@mark noble,
mark noble;167851 wrote:Hi Prothero,
Excuse my interuption, but, If Al is travelling at 99.99% the speed of light and the system he is travelling to and from is 25 light years away, won't he take 25 years to get there and 25 years to return - Therefore aging by 50 years?
Thank you, and best wishes.
Mark...
Well you see it is that problem with the way we typically think about time again. It is best to think of time as the rate at which certain processes occur, radioactive decay, aging, crystal oscillation, orbital emissions. Once you view time as process, the rate at which processes occur varies with acceleration and gravitational fields, so the "25years" is only from the frame of reference of the non traveling twin. For the traveling twin all these processes slowed (thus time slowed) and so the traveling twin does not age at the same rate as the stay at home twin. It is counterintuitive to our experience of the world and the notion we have of the constant unit of time but time is variable not fixed, and so is space and and other physical measurements.
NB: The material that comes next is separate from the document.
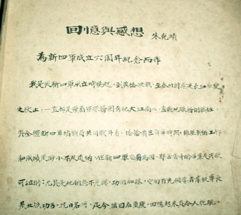 朱克靖《回忆与感谢——为新四军成立六周年纪念而作》
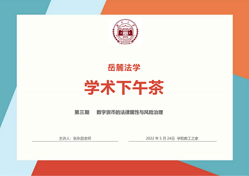 第三期学术下午茶主题围绕“数字货币的法律属性与风险治理”展开,由张东昌老师主题分享,学院近20名教师和学生参加本次活动。

That is what is revolutionary about special and particulary general relativity notions of spacetime. Yes for us here on earth 50 years worth of process will have passed but for the accelerating twin much less.
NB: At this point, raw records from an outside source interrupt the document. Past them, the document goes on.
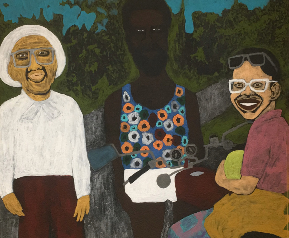 Primarily working at modest scale, Kalmplex creates portraits mostly of people he considers to be African Royalty: family members reflecting his Jamaican and Ghanaian heritage; friends and colleagues; self-portraits, and well-known figures and celebrities he admires. Beginning with photographic sources, or sometimes from memory, he renders his figures by unconventionally starting with their eyes, emphasizing the essence or internal spirit of each subject. Larger works depicting gatherings in parks, on streets, or in group settings are often composed from multiple sources, resulting in fictionalized narratives. The pictures occasionally include inspirational texts, phrases or quotes.
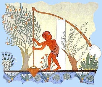 To lift the water from the canal they used a shaduf. A shaduf is a large pole balanced on a crossbeam, a rope and bucket on one end and a heavy counter weight at the other. By pulling the rope it lowered the bucket into the canal. The farmer then raised the bucket of water by pulling down on the weight. He then swung the pole around and emptied the bucket onto the field.
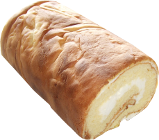 季節により 生チョコロール、抹茶ロール、フルーツロールなど販売) シュークリームの皮で包んだ生クリームのロールケーキです。
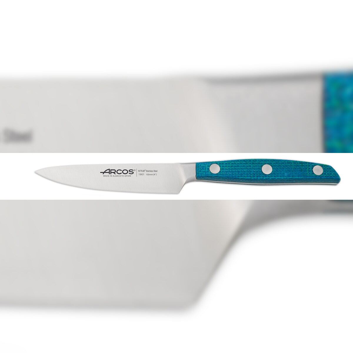 Arcos Serie Brooklyn - Schälmesser - Klinge aus Nitrum geschmiedetem Edelstahl 100 mm - HandGriff Micarta Farbe Blau (Seiden klinge)
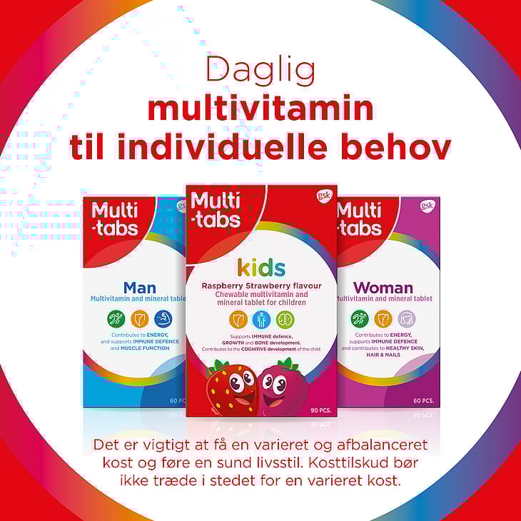 Multi-tabs Kids er en del af Multi-tabs børneserie. Serien indeholder desuden en tygbar multivitamin med calcium (kalk) og et velsmagende omega-3 fiskeolieprodukt.

Atomic clocks in orbit at high speeds keep time differently than those here on earth, GPS satellites have to account for relativistic effects, particles with certain 1/2 lives find there lives extended at high speeds in particle accelerators. Time (which funadmentally is the rate at which certain processes occur, not some independent fixed entity) is variable hence all the confusion in the various time threads in the forum. This is not my opinion. It is physics.